SUPPLIED RECORDS:
▬▬▬▬▬▬

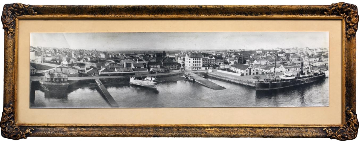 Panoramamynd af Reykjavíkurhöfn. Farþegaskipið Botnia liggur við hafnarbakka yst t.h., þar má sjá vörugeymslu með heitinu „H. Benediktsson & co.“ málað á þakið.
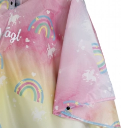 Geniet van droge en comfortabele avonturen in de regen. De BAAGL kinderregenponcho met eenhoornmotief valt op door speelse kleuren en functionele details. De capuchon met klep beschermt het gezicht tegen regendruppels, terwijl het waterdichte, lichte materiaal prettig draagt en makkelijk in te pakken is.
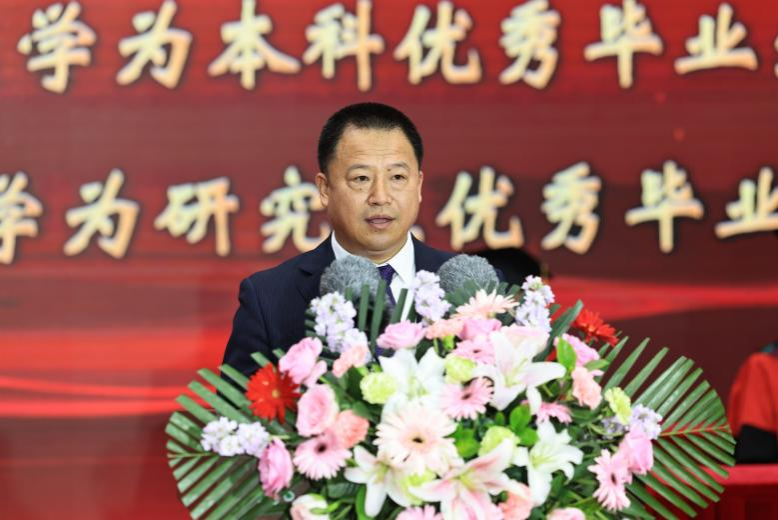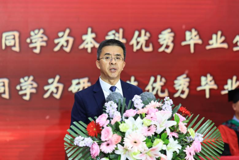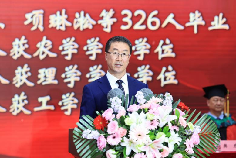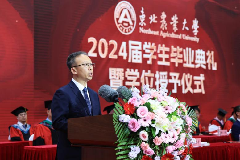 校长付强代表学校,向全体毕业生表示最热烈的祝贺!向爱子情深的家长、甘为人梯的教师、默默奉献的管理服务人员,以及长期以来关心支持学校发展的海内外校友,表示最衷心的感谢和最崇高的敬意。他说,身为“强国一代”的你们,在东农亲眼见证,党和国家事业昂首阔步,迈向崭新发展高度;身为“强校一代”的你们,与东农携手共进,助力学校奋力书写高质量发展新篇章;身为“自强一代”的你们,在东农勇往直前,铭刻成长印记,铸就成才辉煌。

▬▬▬▬▬▬

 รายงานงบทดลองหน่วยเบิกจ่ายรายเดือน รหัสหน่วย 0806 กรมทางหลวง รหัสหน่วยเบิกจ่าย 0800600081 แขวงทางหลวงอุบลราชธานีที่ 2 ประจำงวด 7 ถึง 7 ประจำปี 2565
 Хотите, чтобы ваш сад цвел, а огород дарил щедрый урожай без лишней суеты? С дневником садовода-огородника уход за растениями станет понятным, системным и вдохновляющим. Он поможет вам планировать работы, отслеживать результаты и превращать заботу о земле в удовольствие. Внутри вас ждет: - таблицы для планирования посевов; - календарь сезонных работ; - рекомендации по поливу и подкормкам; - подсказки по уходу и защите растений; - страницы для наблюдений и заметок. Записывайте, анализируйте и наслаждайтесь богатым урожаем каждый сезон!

▬▬▬▬▬▬

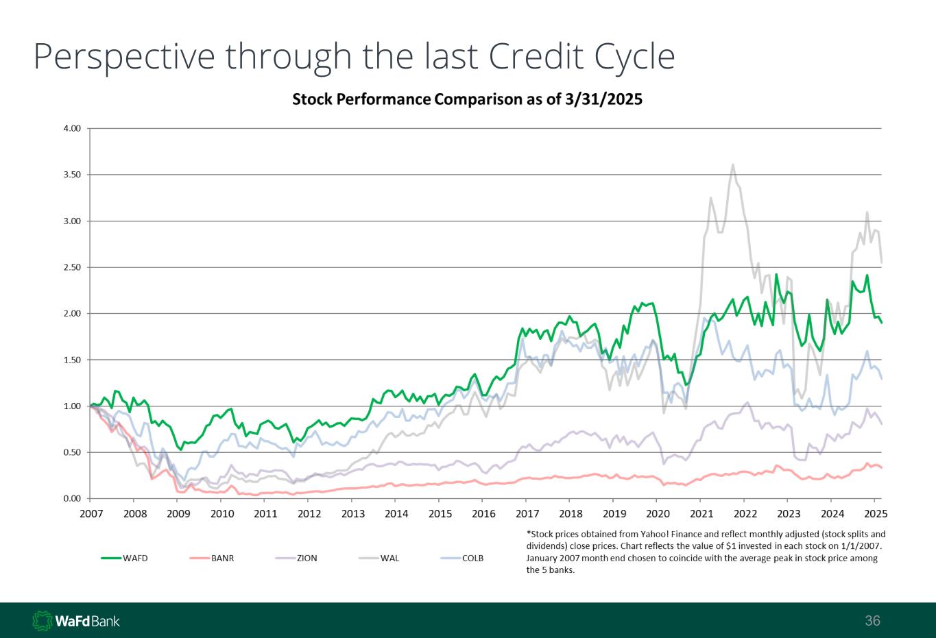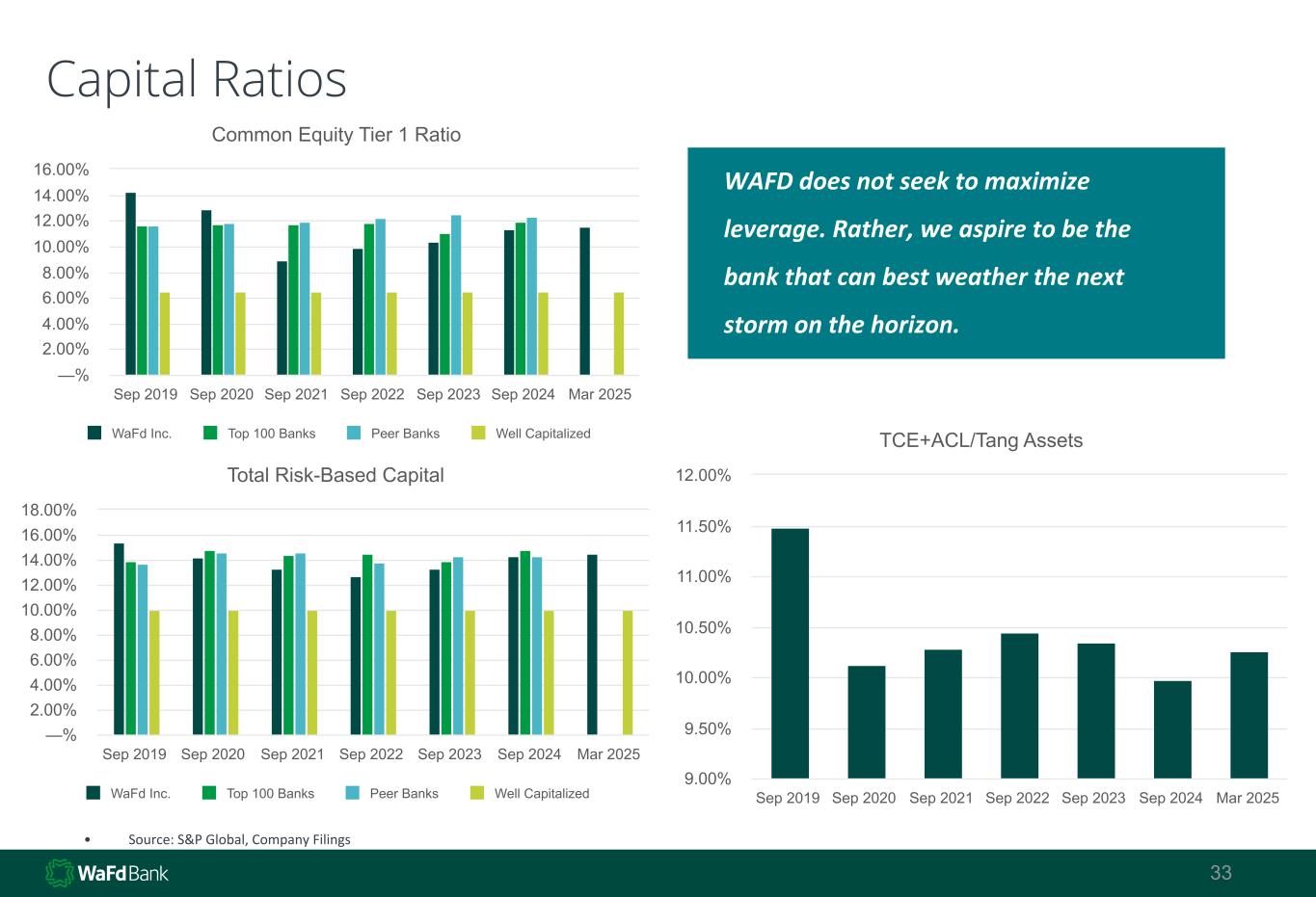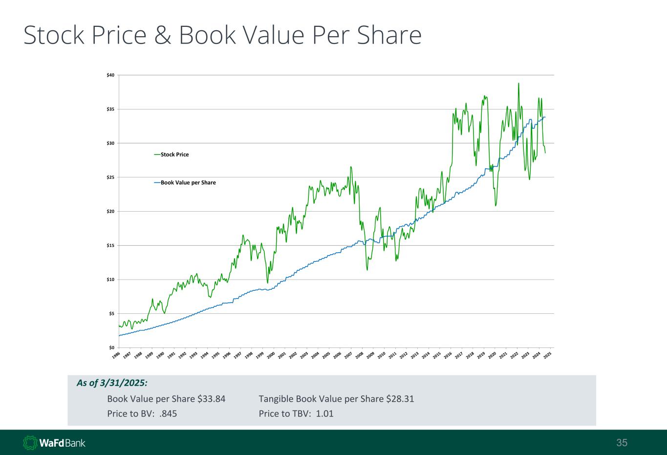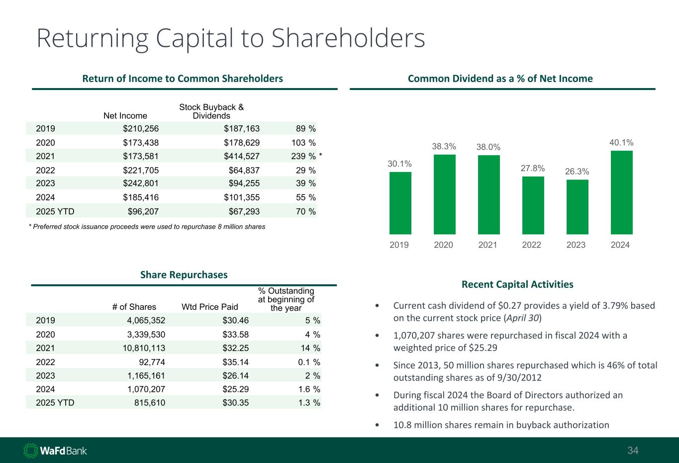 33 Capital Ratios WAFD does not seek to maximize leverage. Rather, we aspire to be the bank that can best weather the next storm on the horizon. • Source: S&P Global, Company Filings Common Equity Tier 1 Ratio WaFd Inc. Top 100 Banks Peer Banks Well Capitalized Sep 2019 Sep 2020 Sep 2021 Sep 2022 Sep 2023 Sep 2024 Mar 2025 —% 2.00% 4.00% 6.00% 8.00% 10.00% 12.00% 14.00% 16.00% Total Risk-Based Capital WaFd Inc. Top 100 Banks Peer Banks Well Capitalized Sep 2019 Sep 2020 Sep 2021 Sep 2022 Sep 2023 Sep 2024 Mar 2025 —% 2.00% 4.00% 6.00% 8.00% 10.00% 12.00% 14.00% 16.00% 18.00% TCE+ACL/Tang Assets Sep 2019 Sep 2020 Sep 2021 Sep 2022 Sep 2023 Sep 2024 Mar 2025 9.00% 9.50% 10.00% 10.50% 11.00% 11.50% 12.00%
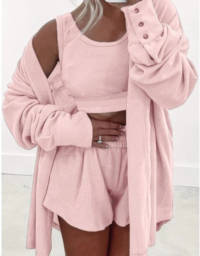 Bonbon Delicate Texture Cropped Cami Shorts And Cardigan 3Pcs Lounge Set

▬▬▬▬▬▬

WHAT THE TASK ASKS: Reproduce, character for character, only the lines of the preceding data that start at the line with "รายงานงบทดลองหน่วยเบิกจ่ายรายเดือน รหัสหน่วย 0806" and end at the line with "Хотите, чтобы ваш", both included.

WRITTEN RESPONSE:
 รายงานงบทดลองหน่วยเบิกจ่ายรายเดือน รหัสหน่วย 0806 กรมทางหลวง รหัสหน่วยเบิกจ่าย 0800600081 แขวงทางหลวงอุบลราชธานีที่ 2 ประจำงวด 7 ถึง 7 ประจำปี 2565
 Хотите, чтобы ваш сад цвел, а огород дарил щедрый урожай без лишней суеты? С дневником садовода-огородника уход за растениями станет понятным, системным и вдохновляющим. Он поможет вам планировать работы, отслеживать результаты и превращать заботу о земле в удовольствие. Внутри вас ждет: - таблицы для планирования посевов; - календарь сезонных работ; - рекомендации по поливу и подкормкам; - подсказки по уходу и защите растений; - страницы для наблюдений и заметок. Записывайте, анализируйте и наслаждайтесь богатым урожаем каждый сезон!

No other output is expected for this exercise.